• **The problem**
Repeat the data verbatim, images excluded.

• **The data**
== == ==
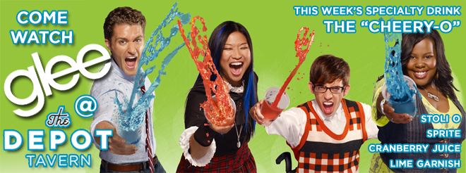 Gleeks unite at The Depot November 22, 2010November 22, 2010 Come watch Glee on our patio on Tuesday 11/23 at 7:00PM – November sweeps rolls on! This week’s specialty drink: The Cheery-O Stoli O, Sprite, Cranberry Juice, Lime Garnish … $4
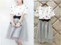 東大門代購新款韓版女裝蝴蝶結(jié)蓬蓬裙印花上衣顯瘦修身套裝連衣裙 /
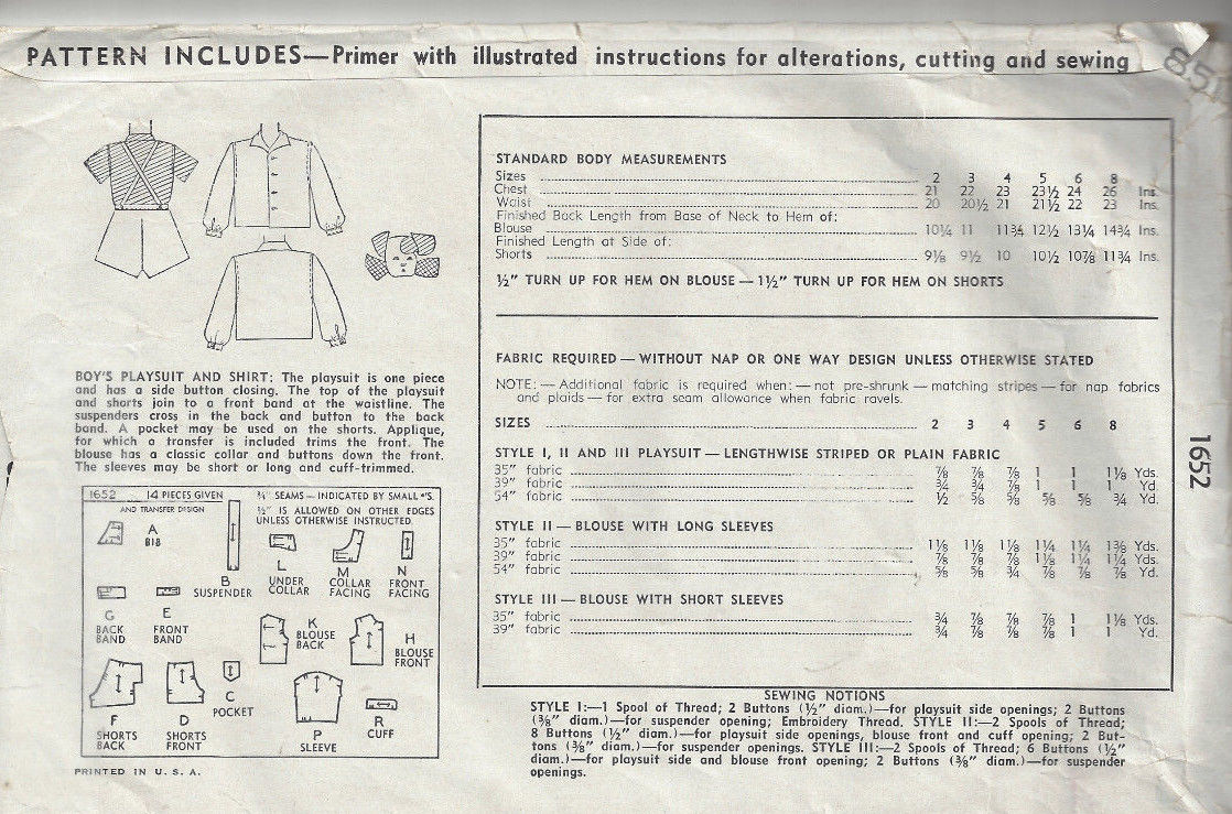 ~ Details: VARIATION STYLE BOY’S PLAYSUIT and SHIRT (Rare WW2 pattern!)
== == ==
• **Reply to the exercise**
 Gleeks unite at The Depot November 22, 2010November 22, 2010 Come watch Glee on our patio on Tuesday 11/23 at 7:00PM – November sweeps rolls on! This week’s specialty drink: The Cheery-O Stoli O, Sprite, Cranberry Juice, Lime Garnish … $4
 東大門代購新款韓版女裝蝴蝶結(jié)蓬蓬裙印花上衣顯瘦修身套裝連衣裙 /
 ~ Details: VARIATION STYLE BOY’S PLAYSUIT and SHIRT (Rare WW2 pattern!)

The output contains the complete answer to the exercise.